L’Urfist encore (et toujours le 10 décembre, « Objectif mon moteur ?? ») développe justement les conséquences de cette pratique, l’achat de mots clés semblant devenir le seul modèle économique viable pour les moteurs et annuaires. Il est précisé : « tant que les résultats "sponsorisés" apparaissent de manière distincte par rapport aux autres, pourquoi pas ... La morale est sauve. Sauf que la plupart des utilisateurs de ces moteurs ignorent tout de ces pratiques et que du coup la manière dont ils prennent pour argent comptant ce que leur renvoie leur moteur pose clairement de sérieux problèmes d'usage de l'information. Un rapport vient de faire le point sur cette question, il est édité par ConsumerWebWatch (une sorte de "50 millions de consommateurs" américain) et baptisé “In Search of Disclosure : How Search Engines Alert Consumers to the Presence of Advertising in Search Results” ».

L’image de la bibliothèque

Nous avons parlé des blogs lors du dernier Panorama. Voici ici évoqués certains aspects singuliers de bibliothécaires, de lieux, d’idées : ennemis ou amis des bibliothèques ?…

  Peut-on tout dire sur son blog ?

Les blogs peuvent sans doute laisser certains sceptiques : puisque les bibliobloggeurs parlent à titre personnel et sans contraintes précises, n’y a-t-il pas un risque de porter préjudice au métier de bibliothécaire, et plus précisément à son image, et (donc) aux bibliothèques ? Figoblog signale des échanges ayant eu lieu aux E.U. à ce sujet.Et notamment l’article, en français, sur le cadre juridique des blogs d’une manière générale, et les différences de législations entre la France et les E.U.Car que penser de sites tels que ceux signalés dans l’article de Jean-Claude Utard – The Modified Library ; Library Grrrls ; The Anarchist Librarians –, ou cet autre de la bibliothèque underground abordant notamment la Librarians sexuality.

  Stagnation de la fréquentation des bibliothèques

Pour lutter contre la stagnation de la fréquentation des bibliothèques, BiblioAcid (23 août 2004) rapporte la photo d’une bibliothèque installée au milieu d’un centre commercial : cette idée peut apparaître au choix comme une tentative innovante, ou comme une scandaleuse vulgarisation des bibliothèques, ne proposant rien de mieux que les livres du supermarché d’à côté...Le débat a été repris sur BiblioForum , rubrique « Forum général » puis « La bibliothèque hors des murs ».

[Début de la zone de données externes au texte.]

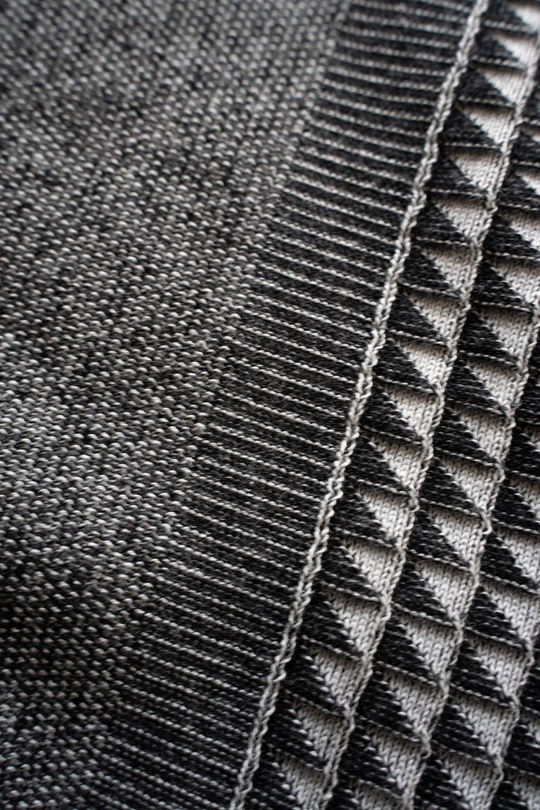 袖口には、YASHIKIのアイコンである矢絣柄の編み地が入ります。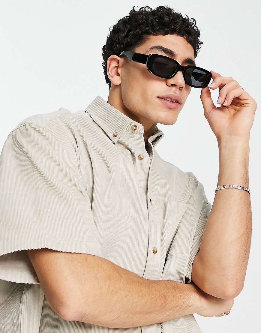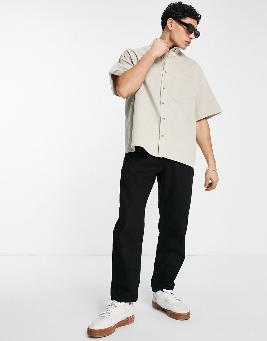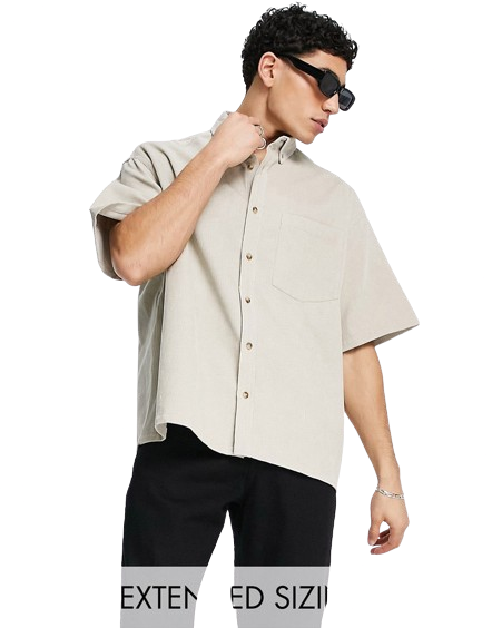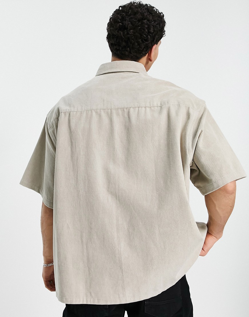 Beżowa sztruksowa koszula oversize z krótkim rękawem o pudełkowym kroju defekt 2XS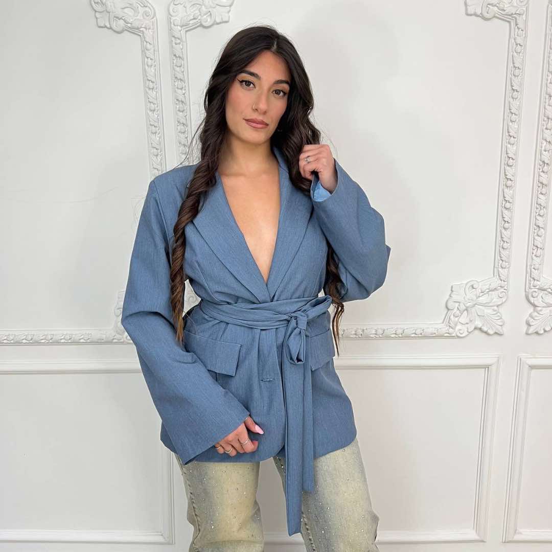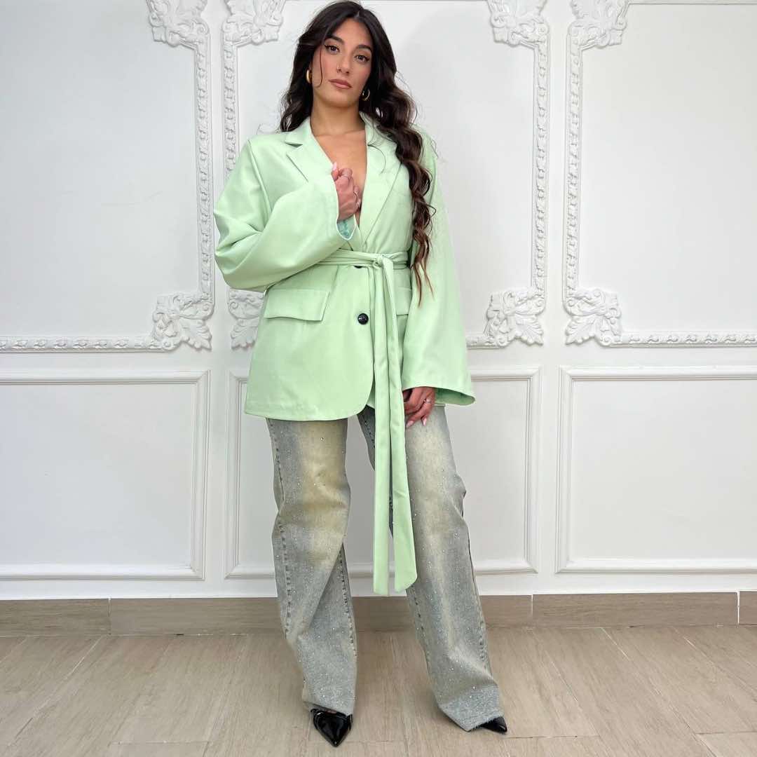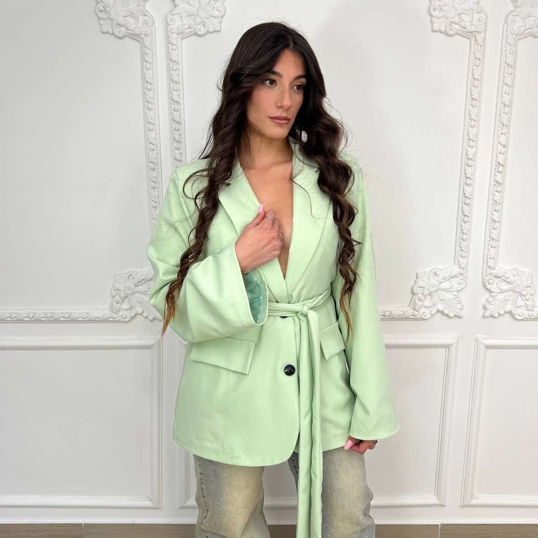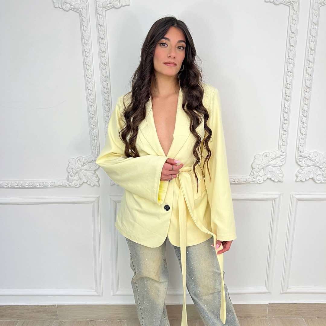 Giacca dalle spalline imbottite con bottoncini sul davanti e finti taschini,presenta il laccetto in vita come accessorio. Taglia unica,vestibilità consigliata da XS a XL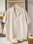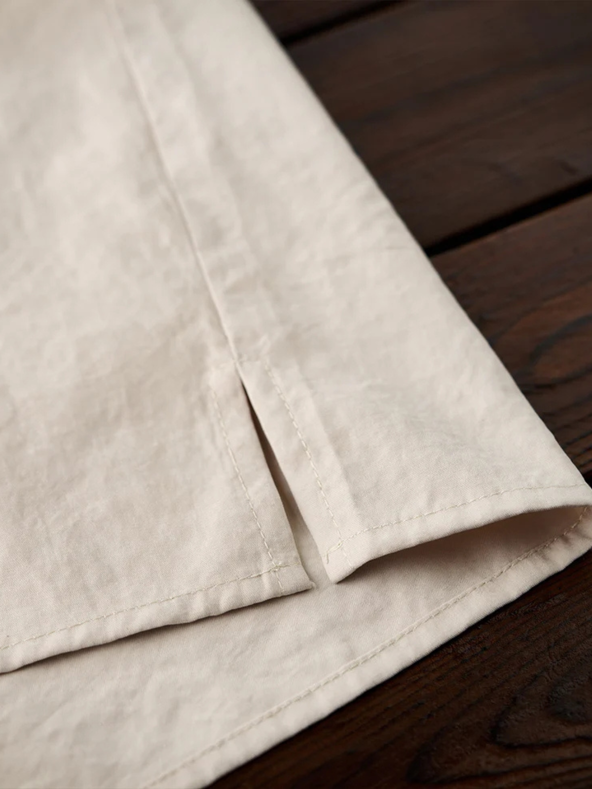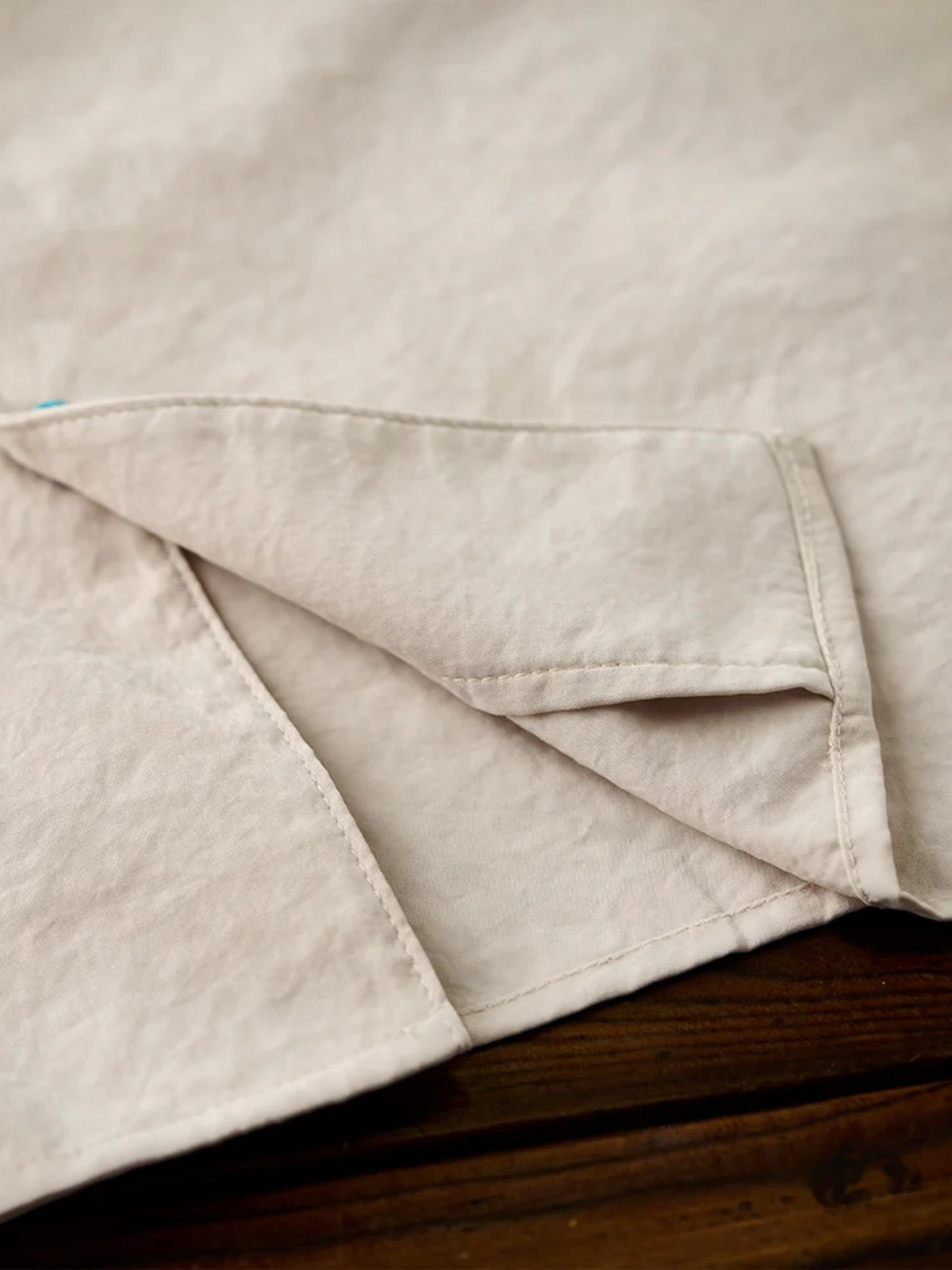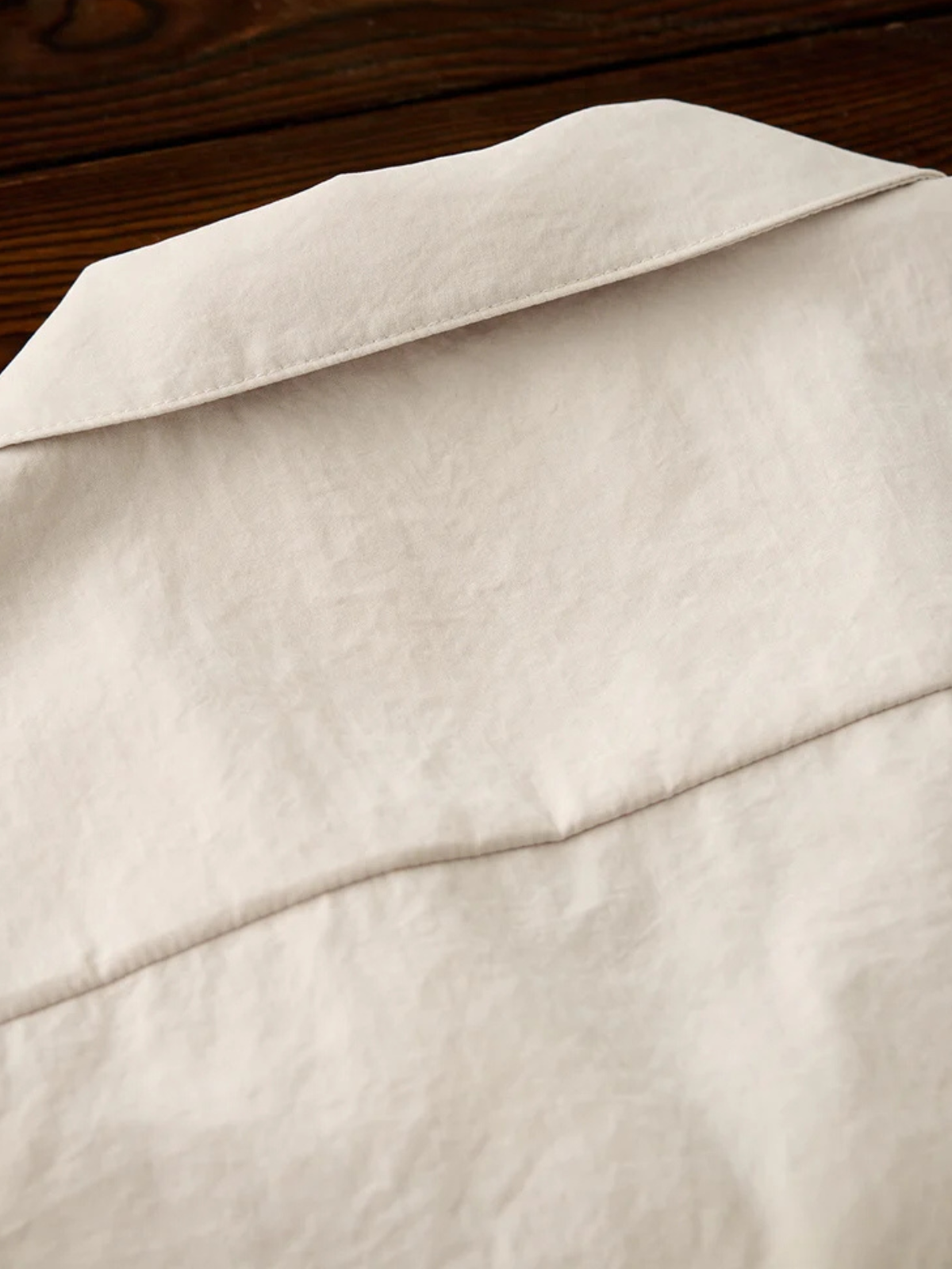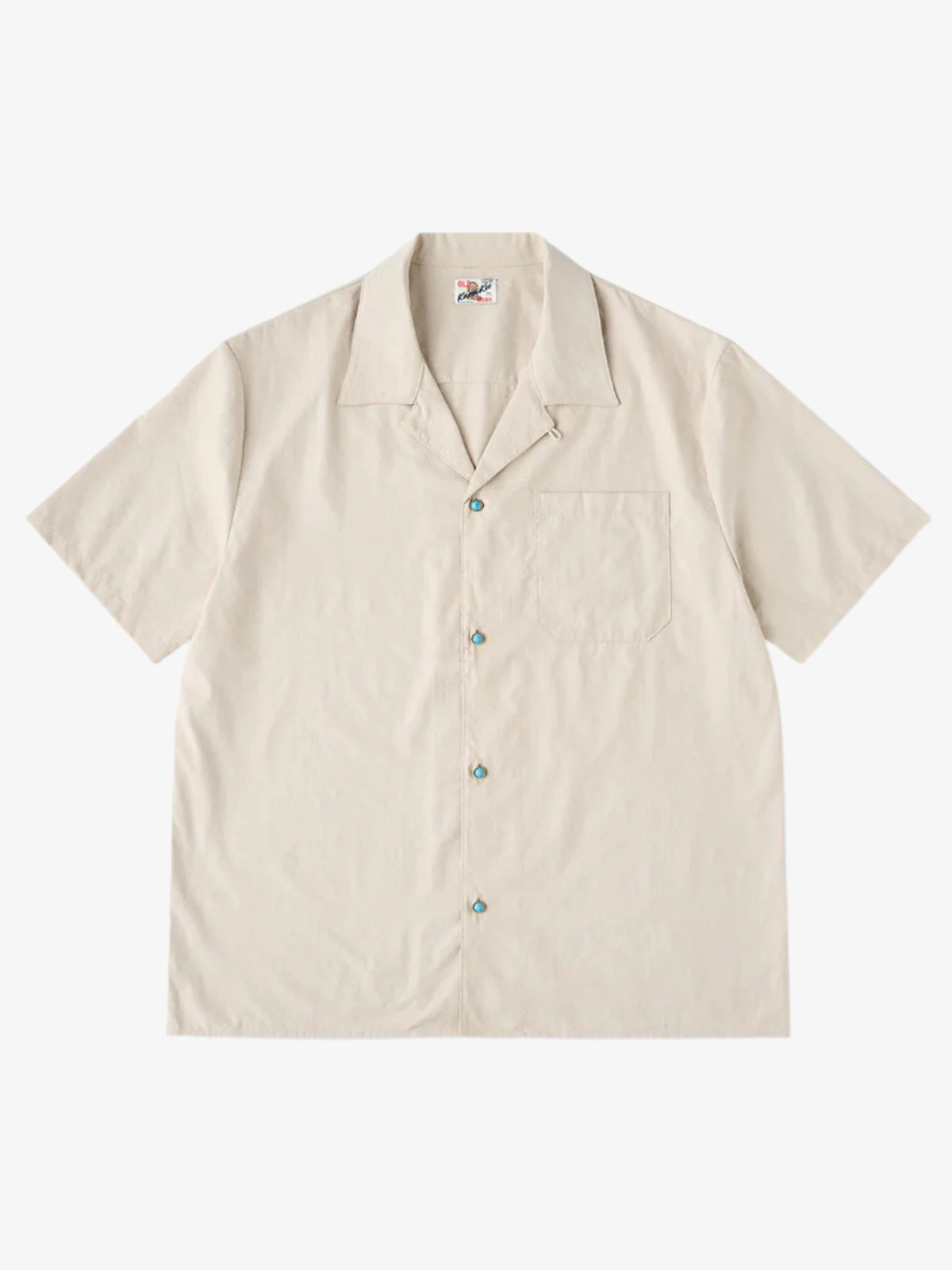 The stylish Cuban collar enhances the coordinated three-dimensional effect, and the cuffs are cut with space for easier movement. There is a pocket on the left chest, which is a point that is stuck on at the same time so as not to drop small items. The center of the metal button is inlaid with turquoise, and the button is surrounded by an antique gold and silver frame. And adds beautiful tailoring, a firm sewing method, and richness around the hem.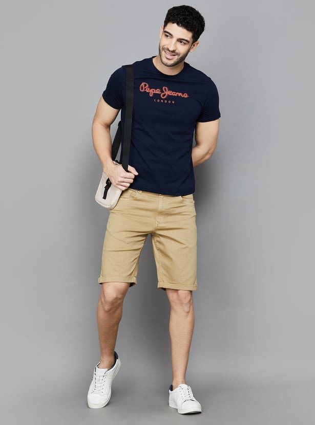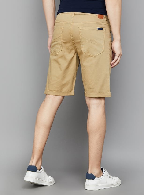 Step into these stylish 5-pocket shorts and let your fashion sense shine. Made from stretch solid denim, they offer a mid-waist that fits perfectly and a zip fly that glides effortlessly. The slim fit is designed to accentuate your silhouette beautifully.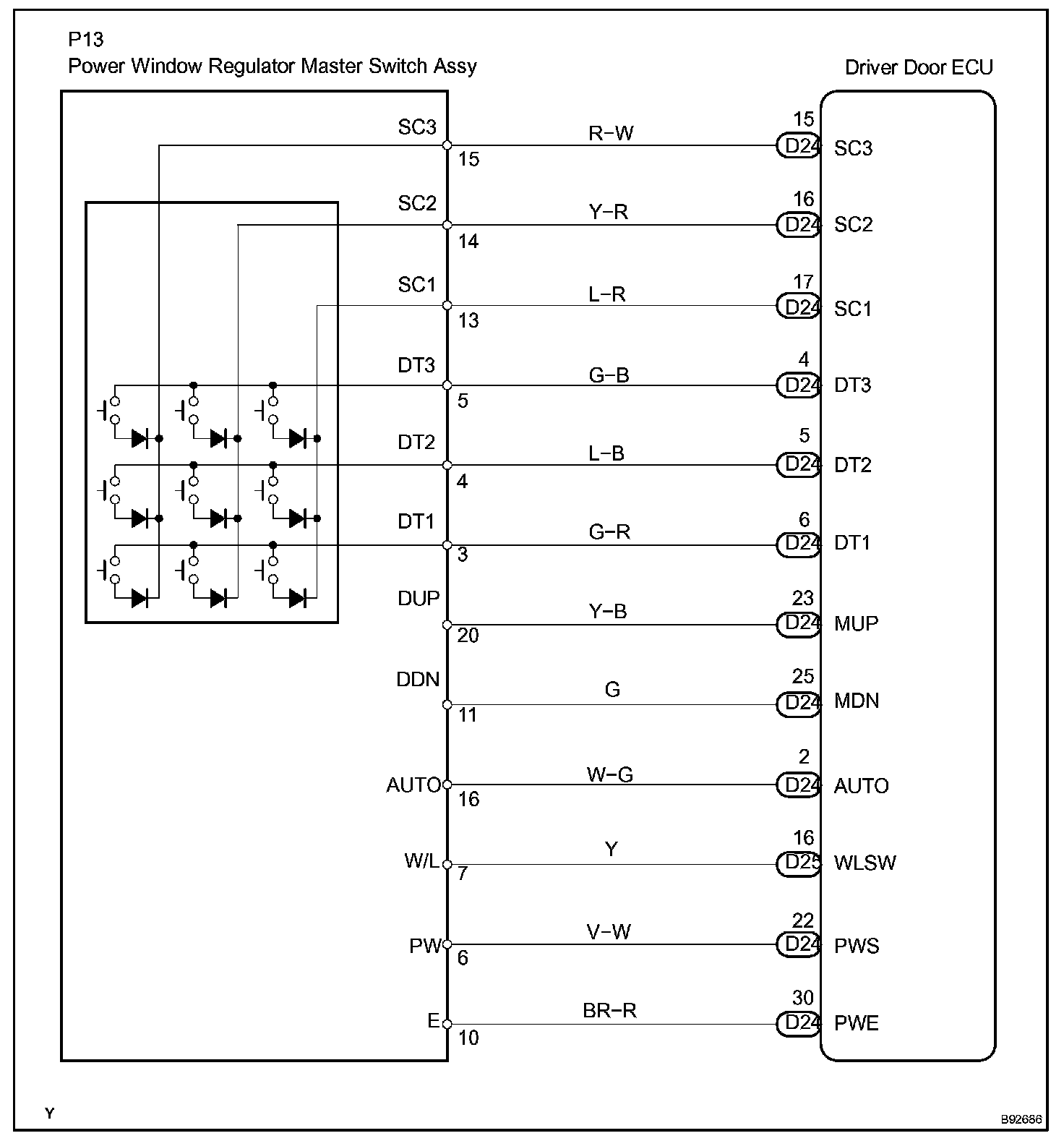 Power Window Regulator Master Switch Circuit (Driver Side)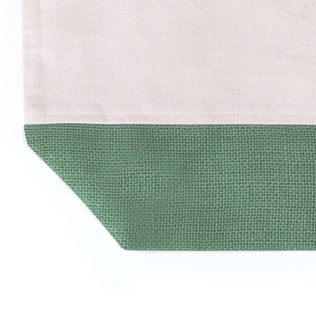 Ökologischer Jutebeutel in Naturfarbe und mit 52 cm langen, grünen Tragehenkeln. Belastbar mit bis zu 9 kg.

  Les ennemis trouvés sur BiblioForum…

A la rubrique « Sur le terrain » puis « Carnet de bord d’un bibliothécaire », de nouveau contre le manque de fréquentation des bibliothèques, BiblioForum fait cette proposition : faire courir le bruit qu’un billet de 10 euros est planqué dans un bouquin… L’histoire dit aussi qu’une telle rumeur, lancée sur une radio aux Etats-Unis, a conduit ladite radio à rembourser le saccage de la bibliothèque désignée comme contenant un livre valant 100 dollars… Et puis contre l’ennemi rongeur, à savoir les souris, voici à la rubrique « Sites intéressants » un Recensement des chats de bibliothèques (!)Terminons enfin par cet ennemi entre tous…Trouvé à la rubrique « Sur le terrain » puis « Carnet de bord d’un bibliothécaire », le 24 avril 2004 :Lettre de protestation contre le bavardage des femmes dans la bibliothèque, 15 décembre 1906. Bibl. Sorbonne, Arch. mod., reg. 332, f. 228. Les Soussignés ; Etant donné que l’élément féminin tend tous les jours à envahir de plus en plus la salle de lecture de la bibliothèque ; Etant donné que par suite de la prédominance dudit élément féminin, des travailleurs sérieux se voient, faute de place, interdire l’accès de la bibliothèque ; Etant donné que lesdites femmes par leur bavardage intempestif rendent à leurs voisins tout travail sérieux absolument impossible ; Pour ces motifs ; Demandent à Monsieur le Conservateur d’interdire aux étudiantes du sexe féminin l’accès de la bibliothèque. Fait à Paris, le 15 Décembre 1906.

  Journée d’étude Mediadix

Nous signalons qu’une journée d’étude sur le thème Les ennemis des bibliothèques aura lieu au centre de formation Mediadix, le 15 février 2005.